Conversion requires root, libguestfs-tools must be installed and all VirtualBox VMs must be powered off. If a password is given, the archive is encrypted using GnuPG.

Building a cloud-image for orga-hosted Hetzner Cloud is easy.

1. First build the regular vulnbox and the cloud bundle as described above.
2. HCLOUD_TOKEN=... packer build vulnbox-cloud.json

If you (optionally) host vulnboxes as organizer, we provide Hetzner cloud images. These cloud images come with OpenVPN preinstalled that connects to the game network. Use cloudinit to provide SSH keys, root password and /etc/openvpn/vulnbox.conf.

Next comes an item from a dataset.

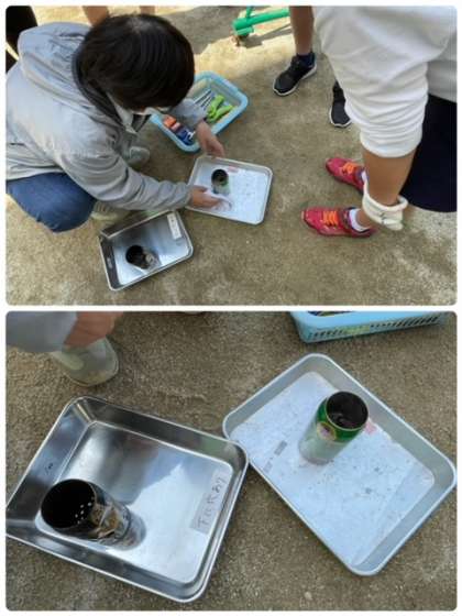 下に穴が空いている空き缶と空いてない空き缶に同じだけのものを入れて燃やすと、さあどうなるのでしょうか?

Include sed '/^root/s/:0:0:99999:/:1:0:99999:/' -i /etc/shadow in cloudinit's runcmd to get rid of some "password reset" issues.

1. First build the regular vulnbox and the cloud bundle as described above.
2. Create a new Hetzner Cloud Server (Debian), boot it into rescue mode.
3. Upload the cloud bundle archive and the scripts from /cloudhosting-scripts to /dev/shm on that machine.
4. Run /dev/shm/install_bundle_for_orgahosted_cloud.sh <uploaded-archive.tar.xz>
5. Shutdown the server and take a snapshot. This snapshot is your image.